The refractive indices of water and diamond are $\dfrac{4}{3}$ and $2.42$ respectively. Find the speed of light in water and diamond.
$\left( c=3\times {{10}^{8}}m/s \right)$

Answer 1

Hint: This problem can be solved by using the direct formula for the refractive index of a material in terms of the speed of light in vacuum (or air) and the speed of light in that medium. By plugging in the information given in the question in the direct formula, we can get the required answers.
Formula used:
$n=\dfrac{c}{v}$

Complete step by step answer:
We will use the formula for the refractive index of a material in terms of the speed of light in that material for this problem.
The refractive index $n$ of a medium in which the speed of light is $v$ is given by
$n=\dfrac{c}{v}$ --(1)
Where $c=3\times {{10}^{8}}m/s$ is the speed of light in air (or vacuum).
Hence, let us analyze the question.
The refractive index of water is ${{n}_{water}}=\dfrac{4}{3}$
Let the speed of light in water be ${{v}_{water}}$.
The refractive index of diamond is ${{n}_{diamond}}=2.42$
Let the speed of light in diamond be ${{v}_{diamond}}$.
The speed of light in air is given to be $c=3\times {{10}^{8}}m/s$.
Hence, using (1), we get
${{n}_{water}}=\dfrac{c}{{{v}_{water}}}$
$\therefore {{v}_{water}}=\dfrac{c}{{{n}_{water}}}$
\[\therefore {{v}_{water}}=\dfrac{3\times {{10}^{8}}}{\dfrac{4}{3}}=\dfrac{3\times 3\times {{10}^{8}}}{4}=\dfrac{9\times {{10}^{8}}}{4}=2.25\times {{10}^{8}}m/s\]
Hence, the speed of light in water is $2.25\times {{10}^{8}}m/s$.
Also, using (1), we get
${{n}_{diamond}}=\dfrac{c}{{{v}_{diamond}}}$
$\therefore {{v}_{diamond}}=\dfrac{c}{{{n}_{diamond}}}$
\[\therefore {{v}_{diamond}}=\dfrac{3\times {{10}^{8}}}{2.42}\approx 1.24\times {{10}^{8}}m/s\]
Hence, the speed of light in diamond is $1.24\times {{10}^{8}}m/s$.
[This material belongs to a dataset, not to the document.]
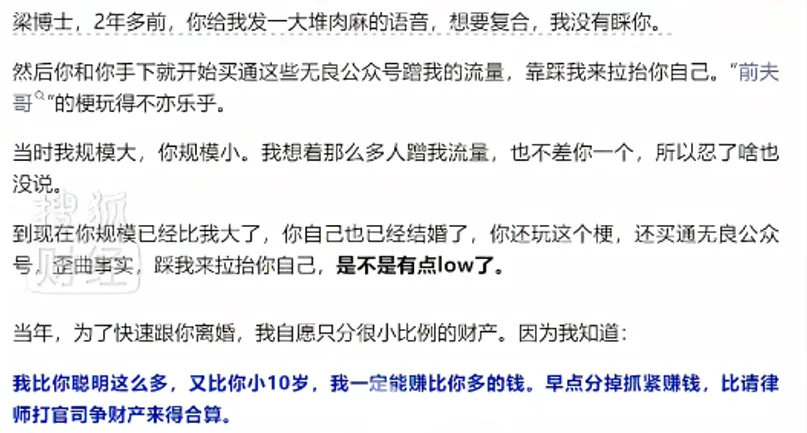此次李蓓公开怒怼前夫,核心诉求是不满梁文涛长期蹭其流量、靠踩低自己抬高身价。李蓓在文中爆料,2023年梁文涛事业处于最低谷时,曾向她发送大量肉麻语音寻求复合,被自己拒绝后,对方便开始指使手下及水军,通过无良公众号蹭其流量,炒作前夫哥梗,歪曲事实抹黑自己,文末更以“开直播讲故事”发出警告。

Note: Students should note that the speed and wavelength of light change when travelling from one medium to another. However, the frequency of the light remains the same. The speed of light can be mathematically written as the product of its wavelength and frequency. If the frequency remains constant, this means that the factor by which the speed of light changes when travelling from one medium to another, will be the same factor by which the wavelength will also change.